Re: A New/Old code Just For Fun

On Jul 23, 11:06 am, Paulo Marques <pmarq...@xxxxxxxxxxxx> wrote:

It should be something like: sum_for_all_words(frequency * code_letters)
/ sum_for_all_words(frequency). I.e. the total number of letters used to
encode the corpus divided by to total number of words. This should give
the average letters per word used to encode the complete corpus.

If you need help debugging the code, you can send it to me privately.
I'm usually good at spotting other people's bugs. I just wish I could
use that superpower for my own programs :(

I found it. In my recursive display function I misplaced one line of
code so I was taking "strlen( tag )* lpScan->weight" before I appended
the final letter for this branch to the tag, so I ended up counting
the length of all the tags as one less than they should have been. I
fixed that and got:

Total Words 1075617
Total Letters 2321741
Average letters per word 2.16

SO overall, Huffman gets 2.16 vs my hand-made 2.35, or 8% improvement.
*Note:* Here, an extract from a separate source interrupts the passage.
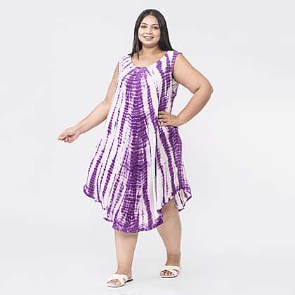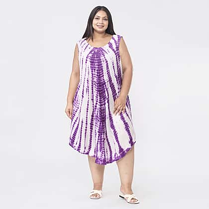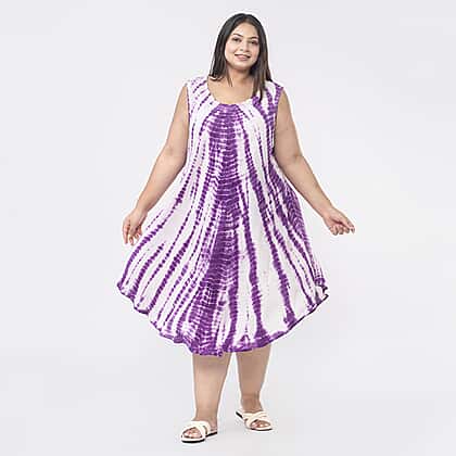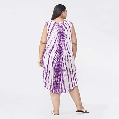 Get ready for summer fun with this elegant tie-dye umbrella dress. It is made from comfortable and lightweight fabric, with a sleeveless design, round neck and that tie-dye print.

But more important, I learned a lot by doing this exercise. :)

BTW: as an alternative for making pronounceable codes, I discovered
the best approach is to build codes purely out of consonants, and then
add any old vowels you please when you use the codes. The human ear is
better at picking harmonious vowels than any program could be. So PTN
could be pronounced "patuma", or "aputiamu", or whatever you like,
without disturbing the self-segregating property. Adding a few rules
like "X" = "sh", "C" = "ch", and "Q"="th" makes even oddballs like XQ,
and CCN easy: "shathu", "chachani". Move over Apache Code Talkers. You
have met your match. :)